Filippo Bargagna is a biomedical engineer and machine learning researcher at the University of Pisa. He earned both his Bachelor's (2019) and Master's (2022) degrees in Biomedical Engineering at the University of Pisa, with a Master's thesis on Bayesian deep learning applied to structured clinical data using probabilistic programming. He holds a PhD in Information Engineering (Biomedical AI), carried out jointly between the University of Pisa and Fondazione Toscana Gabriele Monasterio, with a thesis on trustworthy AI in medical imaging. During his doctorate he spent six months as a visiting researcher at the MGH/HST Athinoula A. Martinos Center for Biomedical Imaging (Harvard Medical School / Massachusetts General Hospital), working at the intersection of neuroimaging and probabilistic deep learning.

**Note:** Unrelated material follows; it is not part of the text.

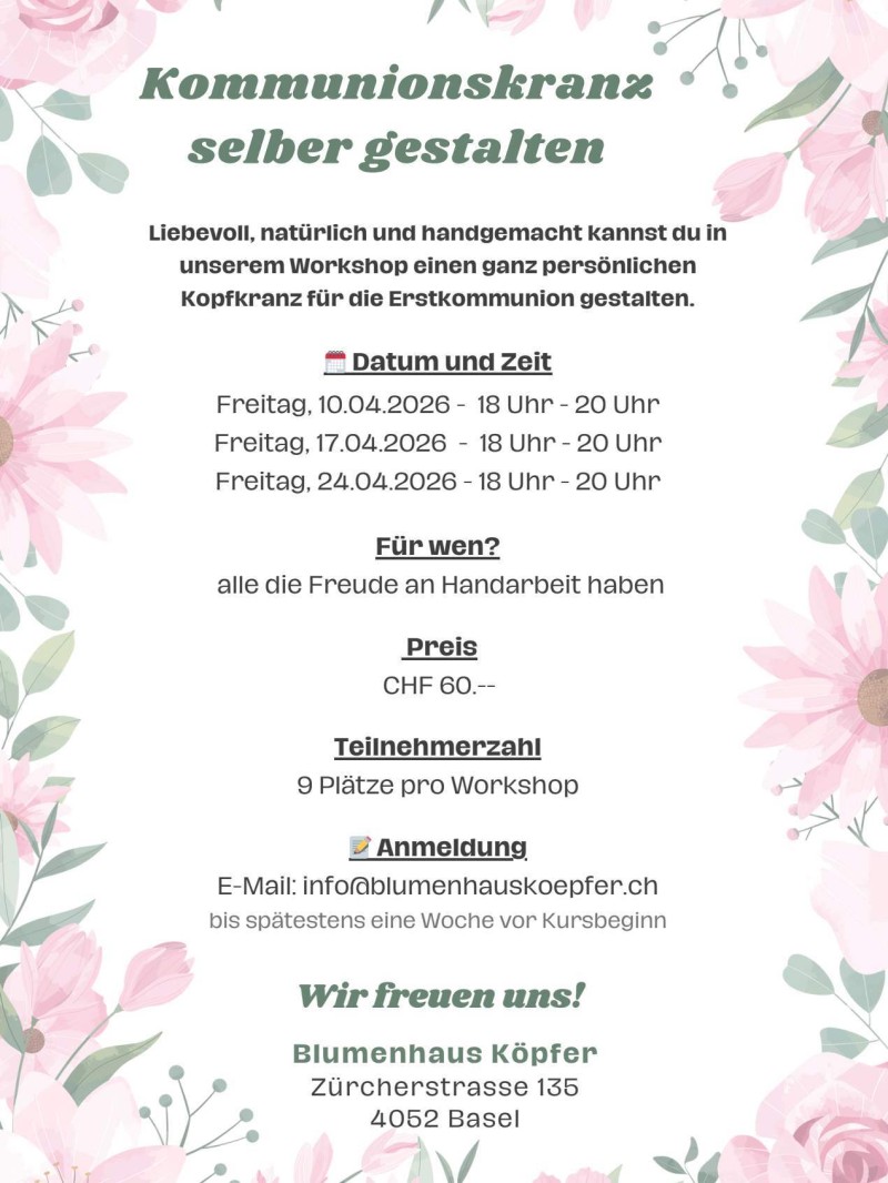 Anmeldung via Mail an info@blumenhauskoepfer.ch.
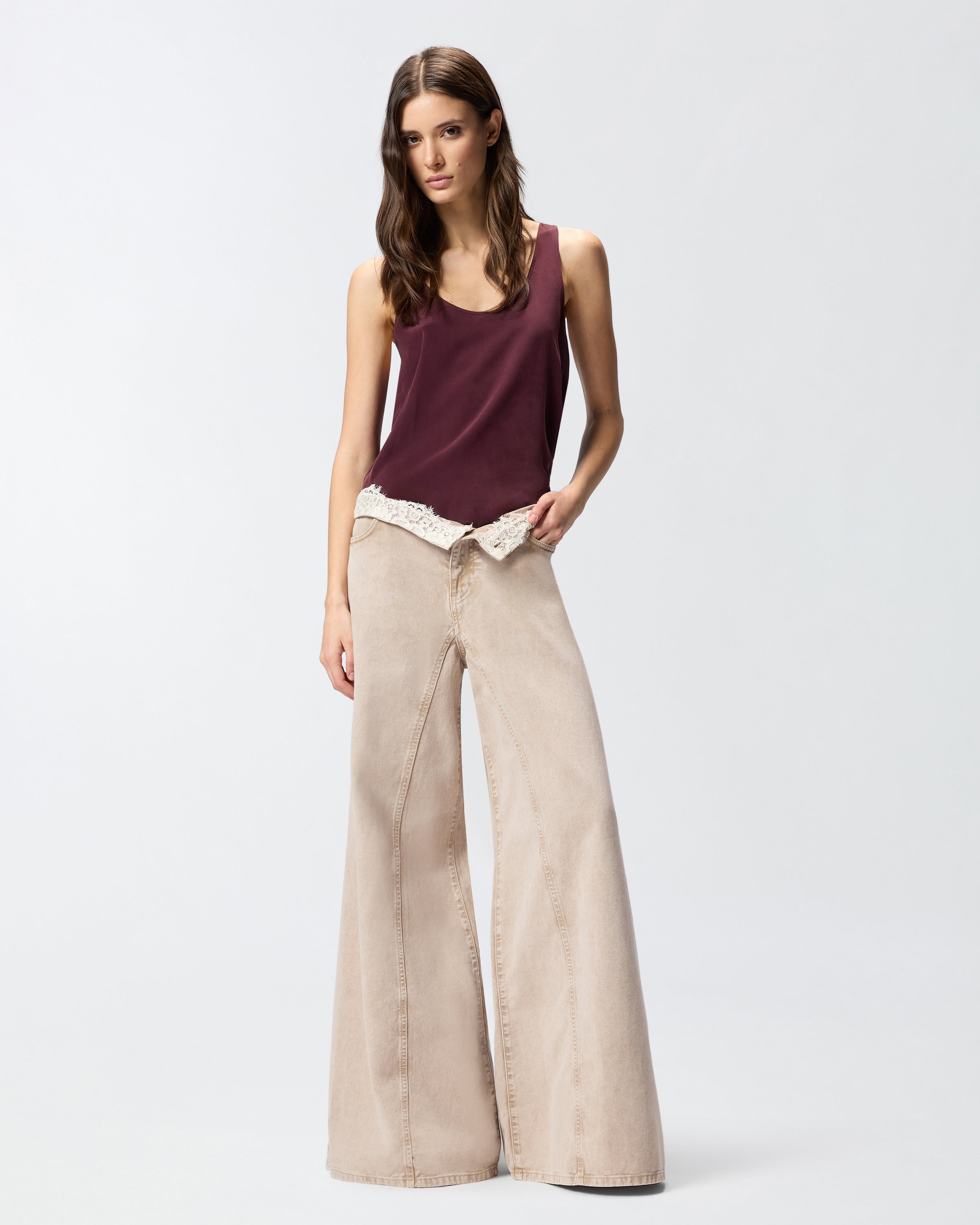 Five-Pocket-Jeans mit Super Wide Leg aus braunem Bull Denim in Baumwolle mit auffälligem Bleicheffekt, die sich durch eine Innenseite aus cremefarbener Spitze auszeichnet. Mit Reißverschluss und Innenknopf kann das Modell auf zwei Arten getragen werden: entweder mit hoher Taille für einen einfarbigen Look oder mit umgeschlagener Taille mit sichtbarer Spitze für einen raffinierten Hauch von Originalität im reinen Stil von PINKO. - WINONA WIDE LEG WAIST DOWN

His research integrates bioimage and signal analysis with probabilistic deep learning, uncertainty quantification, explainable AI, and generative modelling, with applications spanning cardiac imaging, neuroimaging, and peripheral physiological signals. A recurring theme of his work is the separation of model uncertainty from data-intrinsic stochastic components, and the development of methods that remain reliable under conditions of noise, data scarcity, and multi-site heterogeneity.
At the Neuro-Cardiovascular Intelligence Lab, Filippo works on concurrent multimodal bioimage and signal analysis (via statistical and ML/DL based methodologies) for the investigation of brain–heart axis interplay dynamics, with particular attention to the role of the endogenous biological stochastic component underlying these interactions.